I LE RETOUR DE LA MORALE
Dans ce premier temps, l’auteur propose d’esquisser le contexte d’un « retour de la morale », retour qui se
fait essentiellement dans les discours et non dans les comportements. Il propose trois voies d’explications
dans le temps court, dans une durée moyenne et sur le temps long.
1 Deux générations, deux erreurs
A ce niveau d’analyse on se place à l’échelle de deux ou trois générations :
La génération de Mai 68, mobilisée à son paroxysme dans des affrontements principalement étudiants avec
les pouvoirs publics.
Cette génération croyait que tout était politique et que la politique tenait lieu de tout. L’apolitisme était
presque inenvisageable et tous, sans être militants, étaient au moins engagés. La politique tenait lieu de
morale : Ce qui était « juste » politiquement était nécessairement « bon » moralement.

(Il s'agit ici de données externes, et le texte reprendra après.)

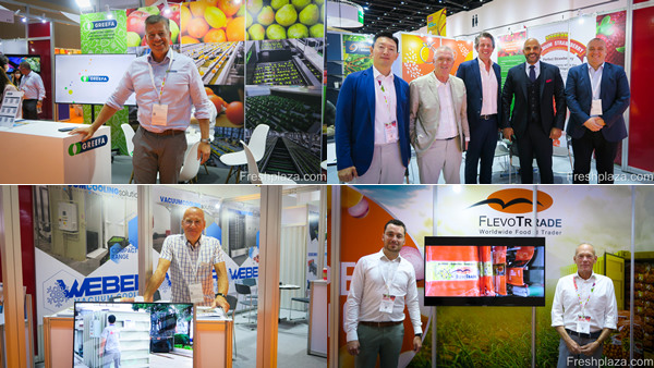 Vanaf linksboven met de klok mee: Tony Derwael van Bel'Export, Team Aartsen Asia, Fabien Dumont van FruitMasters in de Tessa-stand en Leen Droogendijk en Dirk-Jan Hartog van D-Quality Survey

La jeunesse se scindait, très schématiquement, entre adorateurs du général De Gaulle et admirateurs de Che
Guevara. C’était une génération conflictuelle parce que, justement, politique, et la politique ne vas pas sans
oppositions.
Vingt ans plus tard, une autre génération faisait son entrée dans les années 80. Cette génération n’est plus
intéressée par la politique, elle est lassée (surtout la jeunesse) par les oppositions répétées et anciennes entre
« pro » et « anti ». Au lieu de ça, la question morale a pris une place de première importance. Sans parler
précisément de « morale », cette génération préfère, encore aujourd’hui, les mots de « solidarité »,
« humanitaire », « droits de l’Homme », les organisations comme « SOS Racisme », « les Restos du Cœur »,
« Médecins sans frontière » et des personnages comme l’abbé Pierre.
« Deux générations, deux erreurs » : L’une de croire que la politique peut tout et que le conflit est
nécessaire, l’autre de penser que la morale tient lieu de politique et que le consensus est une solution.
Pourtant, politique et morale coexistent et possèdent une égale importance, les deux sont donc
nécessaires. Mais ce passage du « tout politique » au « tout moral » est le symptôme d’une crise et d’un
recul du politique : Si les bons sentiments sont nombreux, les idéaux moraux placés bien hauts, il n’empêche
que les taux d’abstention augmentent et les extrémistes (notamment de droite) sont en progression !
Rien n’étant figé, on observe aujourd’hui le recul de la « génération morale » au profit d’une toute nouvelle
génération que l’on pourrait qualifier de « spirituelle » qui place la question spirituelle (celle du sens de la
vie) au centre des choses. Les Journées Mondiales de la Jeunesse à Paris, le succès de livres initiatiques
comme l’Alchimiste de Paulo Coehlo ou l’admiration d’une partie de la population pour le Dalaï Lama
étayent la thèse d’une ‘’« génération spirituelle »’’.
2 Le triomphe du capitalisme
Ici, on se place dans le moyen terme, sur un siècle pour expliquer ce retour de la morale.
Ce processus s’étale sur tout le XXème siècle et prend une signification plus forte avec l’effondrement du
bloc soviétique et la chute du modèle communiste à la fin des années 80. En effet, deux modèles
s’affrontaient durant toute cette période, le modèle occidental, libéral et capitaliste et le modèle de l’est,
communiste (l’honnêteté intellectuelle impose de préférer les mots « soviétique » ou « stalinien »).
Ces deux antagonismes se servaient mutuellement de justification : L’occidental montrait le système
communiste qu’il assimilait au « mal » et l’opposait au système capitaliste qui, logiquement, était
dépositaire du « bien ». L’effondrement du bloc soviétique entraînait la disparition de l’antagonisme
planétaire et laissait seul le modèle occidental en position de dominer. Le capitalisme, aspect économique du
modèle occidental, devenait le seul modèle économique. C’est le « triomphe du capitalisme ».
Mais le capitalisme perdait sa justification négative, et le modèle occidental perdait de sons « sens ».